Providing Common Time and Space in Distributed AV-Sensor Networks by Self-Calibration

  • R. Lienhart
  • I. Kozintsev
  • D. Budnikov
  • I. Chikalov
  • V. C. Raykar
Part of the Studies in Fuzziness and Soft Computing book series (STUDFUZZ, volume 168)


Array audio-visual signal processing algorithms require time-synchronized capture of AV-data on distributed platforms. In addition, the geometry of the array of cameras, microphones, speakers and displays is often required. In this chapter we present a novel setup involving network of wireless computing platforms with sensors and actuators onboard, and algorithms that can provide both synchronized I/O and self-localization of the I/O devices in 3D space. The proposed algorithms synchronize input and output for a network of distributed multi-channel audio sensors and actuators connected to general purpose computing platforms (GPCs) such as laptops, PDAs and tablets.
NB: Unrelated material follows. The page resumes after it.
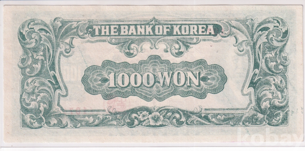 - 한국은행 1950년 최초의 1,000원권인 이승만 한복 천원 일본인쇄 지폐 입니다.

IEEE 802.11 wireless network is used to deliver the global clock to distributed GPCs, while the interrupt timestamping mechanism is employed to distribute the clock between I/O devices. Experimental results demonstrate a precision in A/D D/A synchronization precision better than 50 μs (a couple of samples at 48 kHz). We also present a novel algorithm to automatically determine the relative 3D positions of the sensors and actuators connected to GPCs. A closed form approximate solution is derived using the technique of metric multidimensional scaling, which is further refined by minimizing a non-linear error function. Our formulation and solution account for the errors in localization, due to lack of temporal synchronization among different platforms. The performance limit for the sensor positions is analyzed with respect to the number of sensors and actuators as well as their geometry. Simulation results are reported together with a discussion of the practical issues in a real-time system.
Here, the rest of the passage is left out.